The code should have separated header file for RISC-V
- Param header structure to determine the format of booting info structure.
| Type | Name | Note |
|---|---|---|
| UINT8 | Type | The type of booting info structure. |
| UINT8 | Version | The version of booting info structure. |
| UINT16 | Size | The size of booting info structure. |
| UINT32 | Attr | The attributes of MM. 1: COVE MM payload |
- EFI_PARAM_HEADER
- CPU info structure provides the cpu information that assigned to EDK2 Standalone MM.
| Type | Name | Note |
|---|---|---|
| UINT32 | ProcessorId | The unique processor ID. |
| UINT32 | Package | The zezo-based physical package number. |
| UINT32 | Core | The zezo-based physical core number. |
| UINT32 | Flags | 1: This CPU is primary core provided boot service protocol (BSP). |
EFI_RISCV_MM_CPU_INFO
- Booting info structure version 1
| Type | Name | Note |
|---|---|---|
| EFI_PARAM_HEADER | Header | |
| UINT64 | MmMemBase | The base address of memory assigned to MM. |
| UINT64 | MmMemLimit | The limit address of memory assigned to MM. |
| UINT64 | MmImageBase | The bass address of MM FD. |
| UINT64 | MmStackBase | The stack base address. Note, MM will setup SP register with this value regardless of it may be setup before entering entry point. |
| UINT64 | MmHeapBase | The heap base address that will be used to allocate HOB memory. |
| UINT64 | MmNsCommBufBase | The base address of shared buffer between MM and non-secure world. It is set up as non-confidential memory. |
| UINT64 | MmSharedBufBase | The base address of shared buffer between MM and secure world.
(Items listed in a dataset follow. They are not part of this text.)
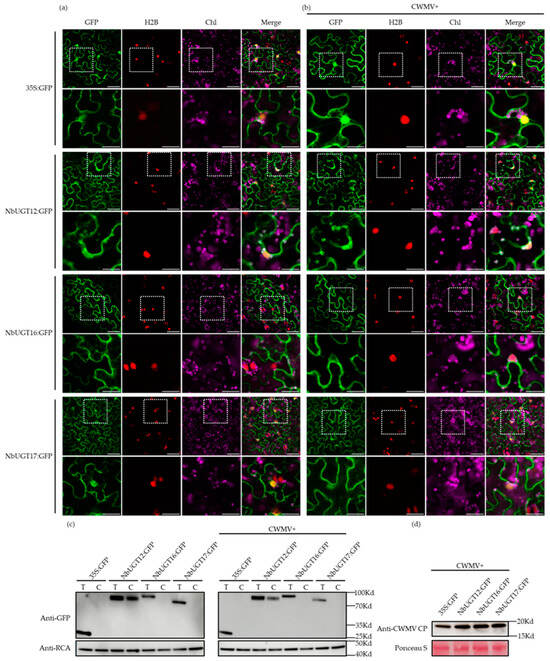 The protein functions are closely related to their subcellular localization. To analyze the characteristics and effects of the identified NbUGTs, their subcellular localizations were investigated using a website (http://cello.life.nctu.edu.tw/cello.html, accessed on 16 September 2022). Based on the predictions, NbUGT12 and NbUGT16 are most likely localized in the cytoplasm, while NbUGT17 has the potential localization in the cell membrane and cytoplasm (Table 1). Here, NbUGT12-GFP, NbUGT16-GFP, and NbUGT17-GFP were expressed in the transgenic N. benthamiana leaves (expressing H2B-RFP, a nuclear marker) via agroinfiltration. Non-fused GFP was used as a control. The inoculated leaves were collected at 72 h post-infiltration (hpi) to observe subcellular localization under a confocal microscope. The results revealed that NbUGT12-GFP was located in the cytoplasm and chloroplasts, NbUGT16-GFP was mainly located in the cytoplasm, whereas NbUGT17-GFP was present in the cytoplasm and nucleus (Figure 5a). To analyze the relationship between NbUGTs and CWMV, we tested whether CWMV affected the subcellular localization of the three proteins. Consequently, NbUGT12-GFP, NbUGT16-GFP, and NbUGT17-GFP were co-injected with CWMV in H2B-RFP transgenic N. benthamiana leaves using agroinfiltration. In brief, Agrobacterium individually harboring pCB-35S-R1 and pCB-35S-R2 were mixed with Agrobacterium harboring NbUGT12-GFP, NbUGT16-GFP, and NbUGT17-GFP in a 1:1:1 ratio, respectively. Mixed cultures were individually infiltrated into the plants leaves. At 7 dpi, the inoculated leaves were observed by confocal microscopy. The results showed no significant changes (Figure 5b). In addition, to determine whether these three proteins can express in chloroplasts, the chloroplast protein was extracted and analyzed using the WB assay. The results showed that NbUGT12 was indeed localized in the chloroplasts, while the control proteins, NbUGT16 and NbUGT17, did not express in the chloroplasts, regardless of CWMV infection (Figure 5c,d). In general, NbUGT12, NbUGT16, and NbUGT17 were primarily expressed in the cytoplasm, although NbUGT12 was also distributed in the chloroplasts and did not exhibit changes during CWMV infection.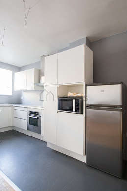 Este apartamento tem uma bonita cozinha com betão no piso e todo o equipamento pela sua vida quotidiana : fogaõ, frigorífico, congelador, forno, microondas, exaustur, chaleira, armário, loiça, banco.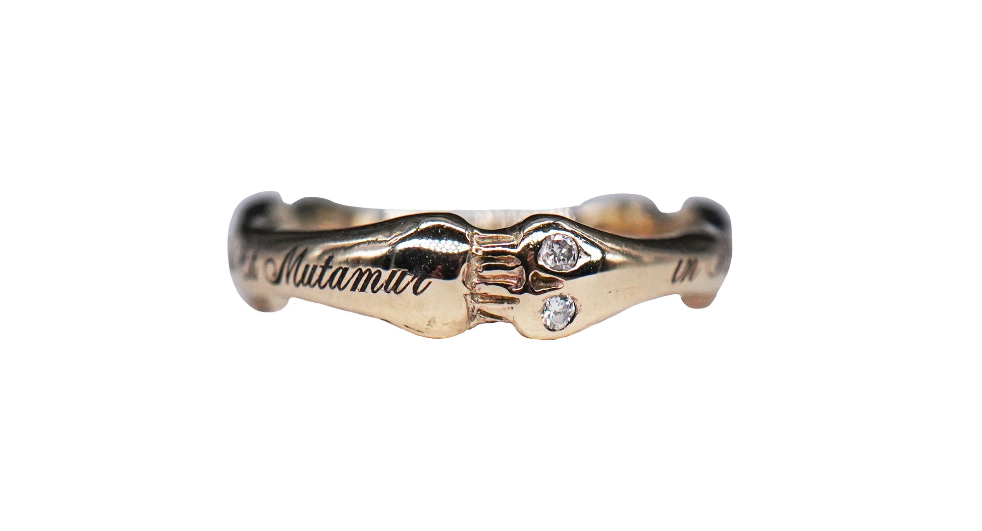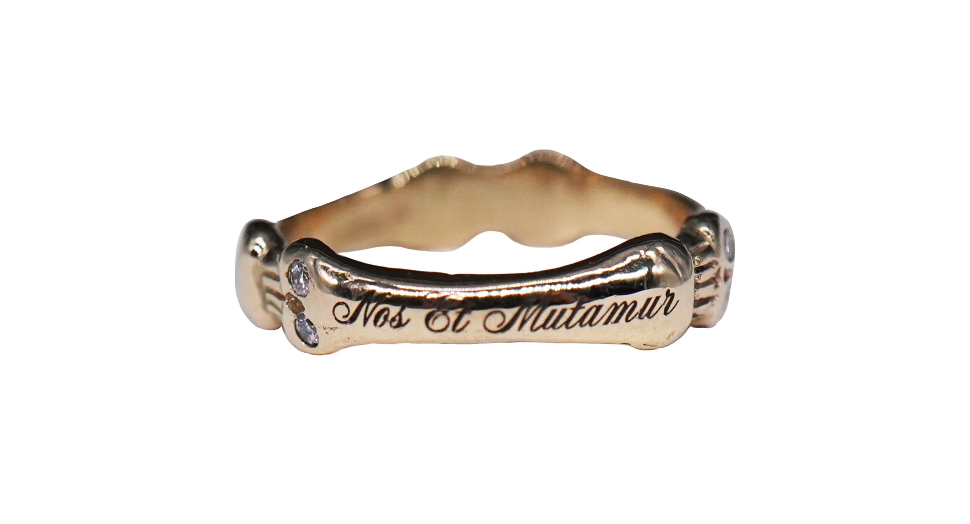 Fede in oro giallo 9k con diamanti bianchi taglio brillante per un totale di circa 0,10 ct e incisione latina: "OMNIA MUTANTUR NOS ET MUTAMUR IN ILLIS" — Tutto cambia, e noi cambiamo con esso.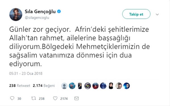 Sıla, Twitter hesabından şu açıklamayı yaptı: "Günler zor geçiyor. Afrin'deki şehitlerimize Allah'tan rahmet, ailelerine başsağlığı diliyorum. Bölgedeki Mehmetçiklerimizin de sağsalim vatanımıza dönmesi için dua ediyorum."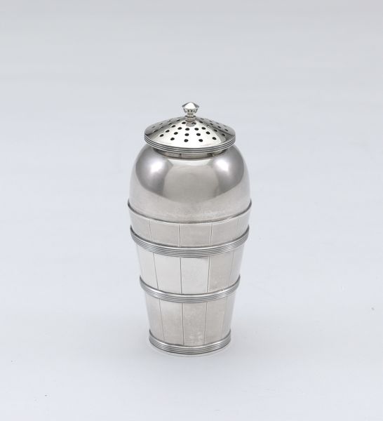 Curator: Looking at this object, I’m immediately struck by its humble yet refined presence. What are your initial impressions? Editor: Austerity, mainly. It feels so devoid of ornament, yet also perfectly resolved. We have here a baroque silver sculpture referred to as 'Strooibus'. Attributed to Wessel Jansen and made sometime between 1642 and 1696. Curator: I’m intrigued by the relative simplicity of form: the cylinder, the hemispherical dome. There are three ball feet raising it just above the surface on which it sits. There's a quiet geometry at play. Editor: This isn’t just any geometric object. Think of the cultural role of spice, once worth more than its weight in gold. The vessel that houses those precious flavors takes on a symbolic power. Spices weren't merely culinary; they held associations with wealth, luxury, trade, and exploration. A container like this "Strooibus" speaks to the status and aspirations of its owner. Curator: The perforations on the dome disrupt that simplicity, and also give this metal thing texture and character. Notice the reflected light, too, captured and fractured by the curves and the silver’s polished surface. Editor: These small holes also served an important role of sprinkling, carefully dispensing these expensive flavours for special meals and celebrations. Its scale suggests intimate gatherings, shared amongst a small, exclusive group. There's a silent echo of banquets and rituals long past. Curator: In isolating basic components—sphere, cylinder, circle, we can analyze the structural integrity as an aesthetic statement. Form and function are inseparable and yet transcend their practical purpose. Editor: Precisely. This is not simply a functional item; it is a signifier of much broader cultural meanings that this "Strooibus" possesses. Its understated presence embodies an era defined by elegance, restrained opulence and privilege. Curator: An object lesson in design. I’ll certainly think about the interplay of form and function when I next reach for the pepper. Editor: And I, how humble vessels often whisper the loudest stories.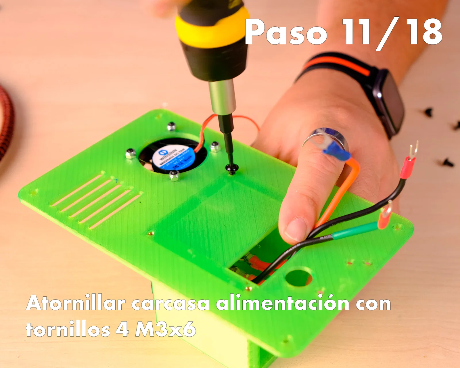 11- Bắt vỏ nguồn bằng 4 vít M3x6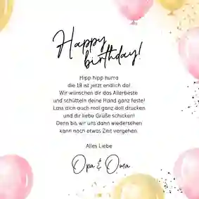 Die richtige Vorlage für deine Glückwunschkarte zum 18. Geburtstag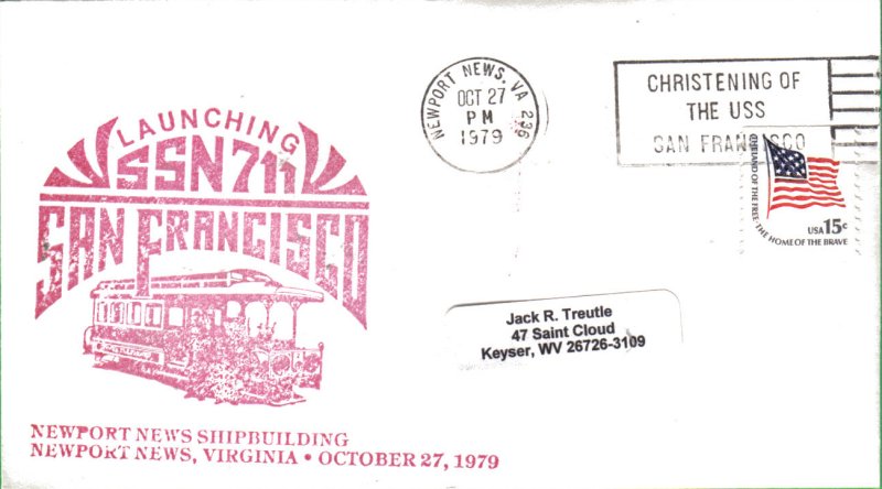 ![]() | 56k | Commemorative post mark on the occasion of the launching of the attack submarine San Francisco (SSN-711) at NNS&DD Co Newport News, Virginia dated 27 October 1979. | Courtesy of Jack Treutle (of blessed memory). | |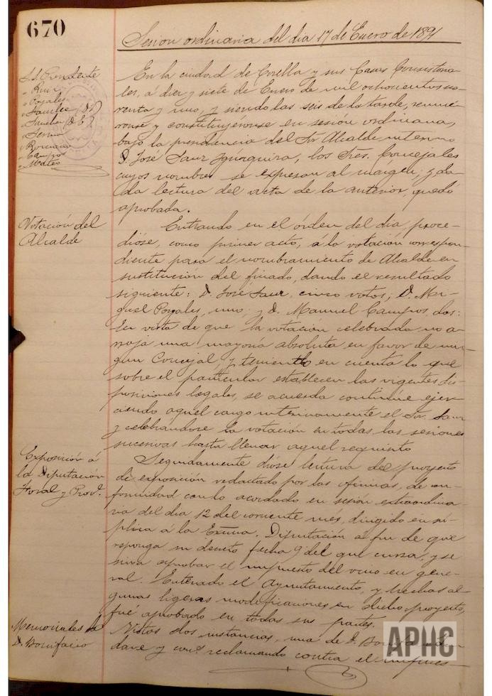 1891-01-17 – (Cese de Concejales y locales para Elecciones Municipales).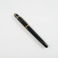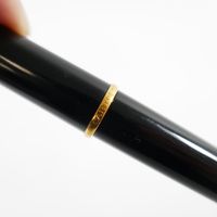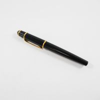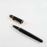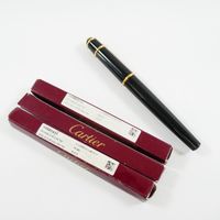 CARTIER : Stylo roller "Diabolo" en résine noire et métal doré. Signé et numéroté. (Micros rayures). On y joint 3 recharges dans leur emballage.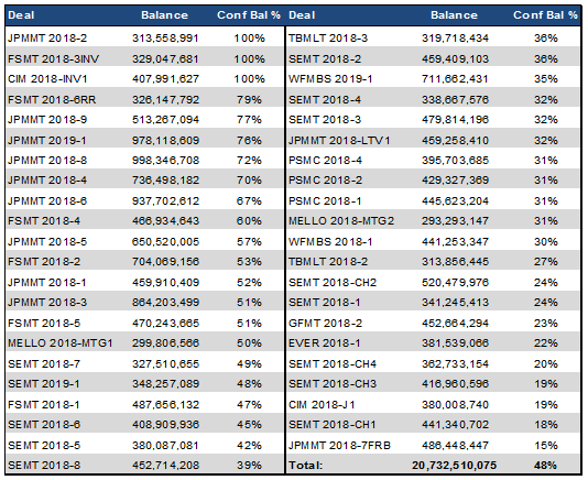 Exhibit 1: The population of conforming-balance loans in recent private deals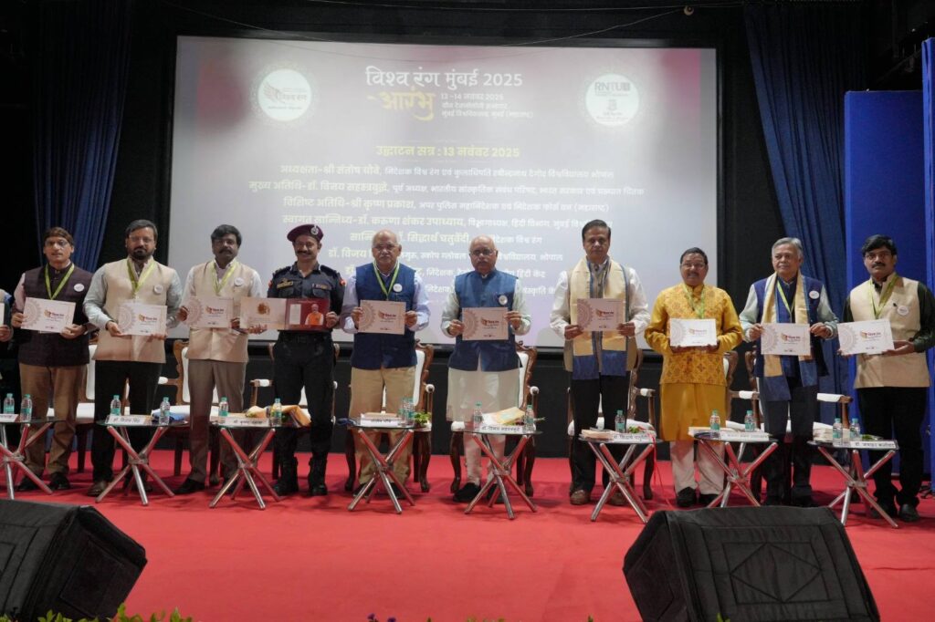 विश्व रंग 2025 आरंभ मुंबई का भव्य शुभारंभ विश्व रंग फाउंडेशन, रबीन्द्रनाथ टैगोर विश्वविद्यालय, भोपाल एवं हिंदी विभाग, मुंबई विश्वविद्यालय, मुंबई के संयुक्त तत्वावधान में विश्वविद्यालय परिसर में स्थित ग्रीन टेक्नोलॉजी सभागार में पूर्ण भव्यता से आयोजित किया गया। विश्व रंग आरंभ मुंबई का शुभारंभ *मंगलाचरण* से करते हुए सर्वप्रथम डॉ. सुरुचि मोहता, सुप्रसिद्ध शास्त्रीय गायिका द्वारा मुंबई के ग्राम देवता सिद्धि विनायक की स्तुति में बहुत ही सुंदर भजन प्रस्तुत किया। उन्होंने तुलसीदास रचित पद ‘सदा सदा मैं शरण तिहारो, तुम हो गरीबनवाज, रघुवर तुमको मेरी लाज’ की मनमोहक प्रस्तुति के साथ ही महात्मा गांधी के प्रिय भजन ‘वैष्णव जन तो तेने कहिये, पीर पराई जाणे रे, की मधुर प्रस्तुति जगत कल्याण और वैश्विक सद्भावना को केंद्र में रखते हुए दी। इस अवसर पर श्री संतोष मिश्रा और श्री विनोद फड़के ने संयुक्त रूप से संगीतज्ञ की महत्वपूर्ण भूमिका निभाई।

It is set up as confidential memory. But it should not be trusted by MM. |
| UINT64 | MmImageSize | The size of MM FD. |
| UINT64 | MmPcpuStackSize | The size of stack per CPU. |
| UINT64 | MmHeapSize | The size of heap region. |
| UINT64 | MmNsCommBufSize | The size of shared buffer between MM and non-secure world. |
| UINT64 | MmSharedBufSize | The size of shared buffer between MM and secure world. |
| UINT64 | NumMmMemRegions | The number of memory regions that be registered with MM core. Minimum are 6 core regions: MemBase, ImageBase, StackBase, HeapBase, NsCommBufBase, SharedBufBase. Additional region can be added at the end of structure for a driver. |
| UINT64 | NumCpus | The number of CPUs info that assigned to MM. |
| EFI_RISCV_MM_CPU_INFO | CpuInfo[NumCpus] | The array of CPUs info. |
EFI_RISCV_MM_BOOT_INFO
Communication between EDK2 Standalone MM and EDK2
Information will be communicated using MmNsCommBufBase and MmNsCommBufSize that passed from booting info.
The format of MmNsCommBufBase:
| EFI_MMRAM_DESCRIPTION |
|---|
| EFI_MM_COMMUNICATE_HEADER |
| PAYLOAD |
Both EFI_MMRAM_DESCRIPTION and EFI_MM_COMMUNICATE_HEADER are standard EDK2 communicate protocol as described:
| EFI_MMRAM_DESCRIPTION | EFI_MM_COMMUNICATE_HEADER |
|---|---|
/// | /// |
- The PhysicalStart and CPUStart have the same value of MmNsCommBufBase.
- The PhysicalSize have the same value of MmNsCommBufSize.
- The MessageLength describes the length of payload size.
Pseudo code of delegated event loop.
Make sure MessageLength is zero
While true
- Cpu sleep (in Salus) or SBI request (in Penglai)
- Check MessageLength non zero then process message
- Before wake-up CPU in MM context, EDK2 makes sure MessageLength and Data are updated with new request.
- How to wake CPU in MM context is dependent how EDK2 MM is loaded as not be discussed in this document.